Sunday, April 9, 2023

The Prerub Shockwave

Part of a loose series of articles on Shockwave:

The Prerub Exists

The initial releases of Hasbro's Shockwave in late 1984 were prerubs, meaning they hadn't yet been fitted with the rubsign that was an ubiquitous hallmark of 1985's The Transformers catalog. 

Versions of Hasbro Shockwave
Left to right: Early Prerub, Prerub, Rubsign

It is difficult to find a 'good' specimen of the early prerub Shockwaves, as they always suffer from a manufacturing error, which can be essentially referred to as 'split shoulder' or 'separated shoulder'.

As seen below, here is a early sealed specimen, in an 'error' box. The 'error box' denotes that the grey border between the character art and the window does not extend all the way to Shockwave's firing laser. This is corrected on subsequent boxes. The photo is taken from Iamratchet's article on the same. 

Sealed Prerub Shockwave

The split at the shoulder joint of the torso is visible. The split forms a wedge and doesn't extend past the midpoint of the torso. When boxed, this is the most visible failure point, however there are two additional failure points which are hidden when in laser mode.

Prerub Shockwave

In robot mode, it is common to observe the shoulder split on the torso seam, as well as a split on the upper arm seam at the deltoid, and a split at the at the elbow of the forearm.

There are two causes of this splitting:

1. Shockwave is manufactured with larger springs on the main shoulder joint, and at the elbow compared to his predecessors. The deltoid joint has the same spring as the pre-Shockwave versions. The springs allow the ratcheting mechanism at these joints.
2. The ABS plastic mix used to manufacture the first waves appears to have less tensile strength than in pre-Shockwaves. This is possibly explained by the change to purple colorant in the ABS mix, which may have resulted in inferior resistance to pulling stress, imparted by the ratchet springs. The forces exerted by the springs cause the joining post inside the part to fragment. The joining post houses the thread-forming screw. Since the screw cuts into the plastic, the post is weakened and this is always the failure point.

Springs used on Shockwave and Galactic Man
Left to right: Upper arm, Elbow, Shoulder

Springs use on pre-Shockwave figures
Left to right: Upper arm, Elbow, Shoulder

A typical breakage of the joining post between parts. This example is the upper arm.

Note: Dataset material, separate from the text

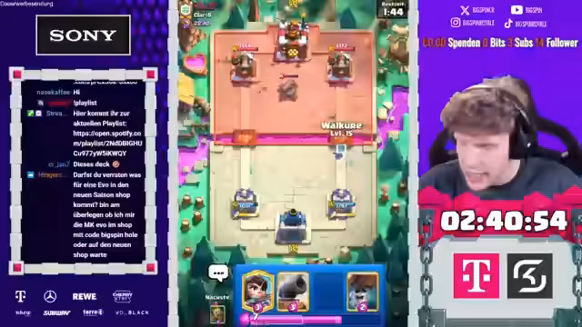 02:51:04Die positive Stimmung ist von kurzer Dauer, als der Streamer erneut auf problematische Gegner-Decks trifft. Er spielt gegen ein X-Bogen-Deck mit '7 Spells' und fühlt sich ausgeliefert, da er keine Karten hat, um die Verteidigung des Gegners zu überwinden. Er äußert seine 'mentale Erschöpfung' und 'Sauer' über die Häufigkeit solcher Matchups. Er beschreibt die Spiele als 'Dresch und Zerg gespielt' und gibt an, am Ende seiner mentalen Kräfte angelangt zu sein, obwohl er über 300 Trophäen im Stream gewonnen hat.

In subsequent Shockwave's, such as later prerubs and standard rubsign versions (prerub Shockwave was also found in the corrected box - before the accessories wording was blanked out - and in Canadian releases), the separations are no longer common. This is despite the continued use of the larger springs, which suggests that the stronger springs are fine, provided the plastic is strong enough to resist the pulling stress. Because Shockwave would split even at the elbow where a normal small spring was always used, it suggests that inadequate tensile strength was the major contributing factor. Note that these springs would continue to be used in for Shockwave through to Galactic Man. Galactic Man is much easier to inspect - Shockwave has a factory glued torso - where as Galactic Man with a lower price point, is not.

How Early is Early?

Within Shockwave's run, apart from the rubsign, he is almost entirely uniform - there aren't significant variants. We can observe that at some point, his Decepticon insignia changes from purple to pink.

Shockwave's faction logo changes to pink in 1985.

In fact, the thing that tells us the most is not the figure, but the accessory - his barrel.

Over the lifetime of the mold, we can see that the barrel underwent some changes. First was the introduction of a ridge that matches the ridge on the wrist. This allows for a tighter fit of the barrel over the right wrist. This occurred while the Graywaves - gray releases - were being produced for various small companies E.g., Royal Condor. At the same time, for an unknown reason, the adjacent section would be fitted with a small section of hookup wire that has been superglued in place. I think that this was used to assist in the fitting of the two halves, but only because this was replaced during the Shockwave era by an extra tab that lets the pieces interlock (this is the way to distinguish Galactic Man barrels from Graywave barrels).

The barrel that comes with the earliest Shockwave is the same as the Graywave version, with the wire section instead of the fitting tab. Because only Shockwave came with purple translucent plastic, it can be identified as his earlier variant. That means that the earliest Shockwave is almost the same as the latest Electronic Magnum, the only visible mold difference being the Shockwave-specific trigger.